- What you are asked to do
Give back the listing in full and exactly, leaving out the images.

- Data
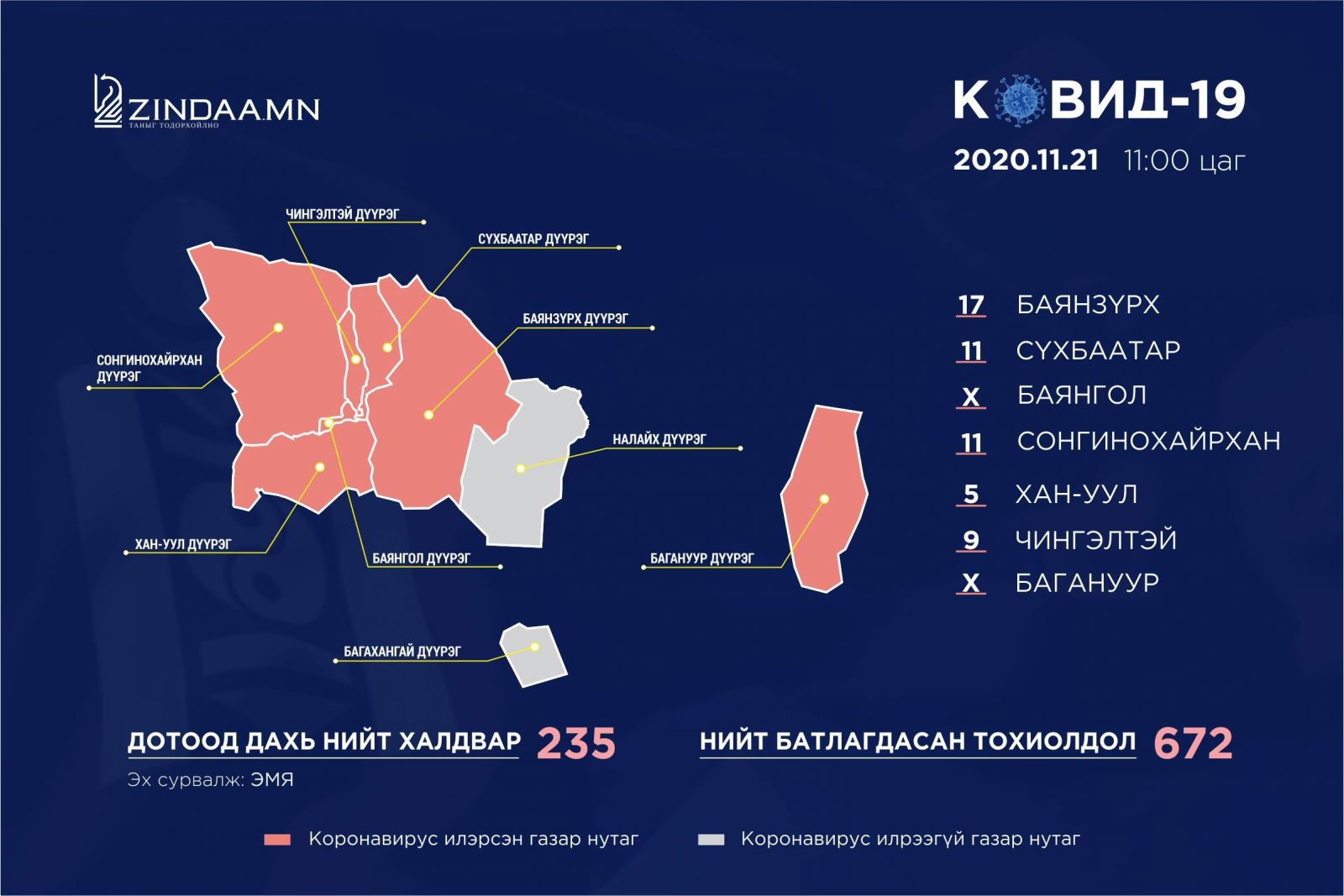 Монгол Улс коронавирусний халдварыг дотооддоо алдаж, улсын хэмжээнд хатуу хөл хорио тогтоогоод байна. Өнөөдрийн байдлаар Улаанбаатар хотоос гадна таван аймагт халдварын голомт батлагдаад байгаа юм. Тодруулбал, Улаанбаатар хотод 54, Сэлэнгэ аймагт 124, Дархан-Уул аймагт 20, Орхон аймагт 17, Дорноговь аймагт 14, Говьсүмбэр аймагт 3 тохиолдол тус тус батлагдаад байна.
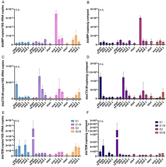 Copy numbers of beta-lactam ARGs blaIMP (A,B) and blaCTX-M (C,D), as well as blaTEM (E,F) as assessed by qPCR. Copy numbers were normalized to 16S rRNA gene copy numbers (left charts) and to 1 g compost (right charts). Bars represent the average of three individual qPCR measurements with standard deviation. Start samples, 14-days samples (only repetition 1) and end samples are depicted individually for the first (E1, E1-B) and second repetition of composting (E2, E2-B). End samples comprise replicates from front (end 1), middle (end 2) and back (end 3) of each compost pile. The p-values were calculated to compare start with end samples of composting for all four compost piles combined (average of the triplicate end samples, no differentiation of the treatments). None of the sample sets showed significance (p < 0.05). Therefore, they are indicated by “n.s.” (not significant).
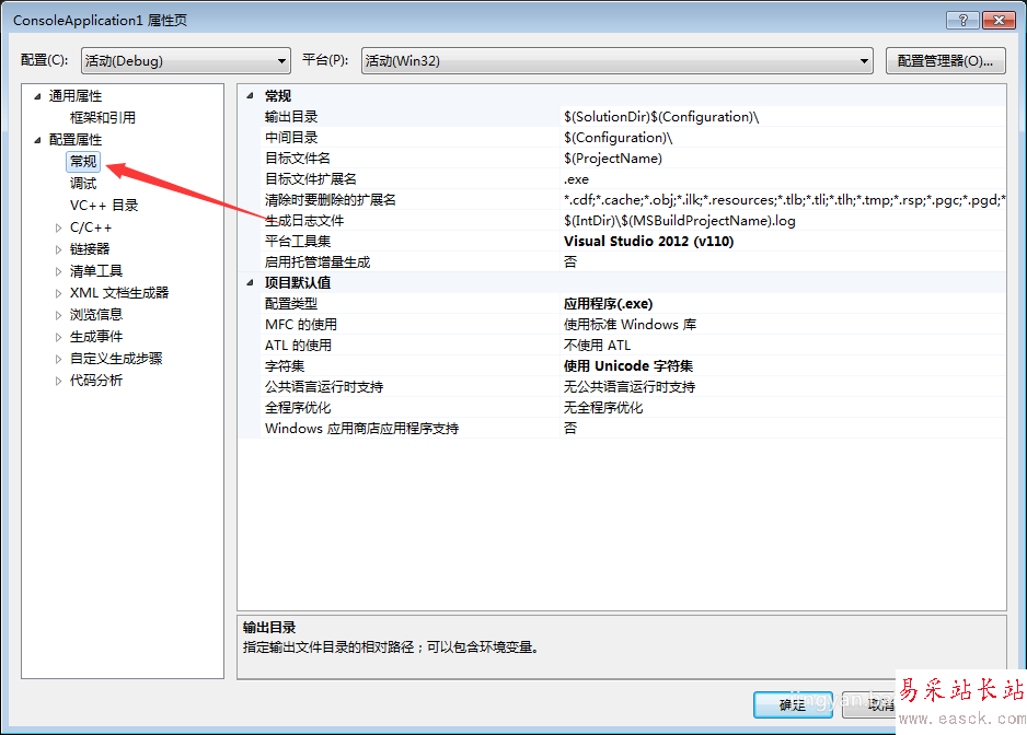 4、點擊配置屬性里面的常規選項。會出現右邊一些選項。
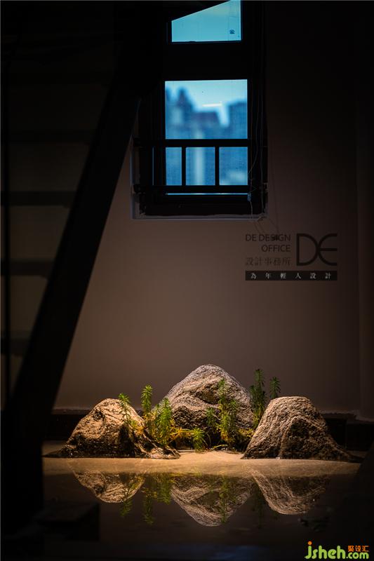 樓梯下的造景魚池,是這個家里獨樹一幟的風景。光影效果下,小魚池也是一個山川湖海大世界。

- Expected output
 Монгол Улс коронавирусний халдварыг дотооддоо алдаж, улсын хэмжээнд хатуу хөл хорио тогтоогоод байна. Өнөөдрийн байдлаар Улаанбаатар хотоос гадна таван аймагт халдварын голомт батлагдаад байгаа юм. Тодруулбал, Улаанбаатар хотод 54, Сэлэнгэ аймагт 124, Дархан-Уул аймагт 20, Орхон аймагт 17, Дорноговь аймагт 14, Говьсүмбэр аймагт 3 тохиолдол тус тус батлагдаад байна.
 Copy numbers of beta-lactam ARGs blaIMP (A,B) and blaCTX-M (C,D), as well as blaTEM (E,F) as assessed by qPCR. Copy numbers were normalized to 16S rRNA gene copy numbers (left charts) and to 1 g compost (right charts). Bars represent the average of three individual qPCR measurements with standard deviation. Start samples, 14-days samples (only repetition 1) and end samples are depicted individually for the first (E1, E1-B) and second repetition of composting (E2, E2-B). End samples comprise replicates from front (end 1), middle (end 2) and back (end 3) of each compost pile. The p-values were calculated to compare start with end samples of composting for all four compost piles combined (average of the triplicate end samples, no differentiation of the treatments). None of the sample sets showed significance (p < 0.05). Therefore, they are indicated by “n.s.” (not significant).
 4、點擊配置屬性里面的常規選項。會出現右邊一些選項。
 樓梯下的造景魚池,是這個家里獨樹一幟的風景。光影效果下,小魚池也是一個山川湖海大世界。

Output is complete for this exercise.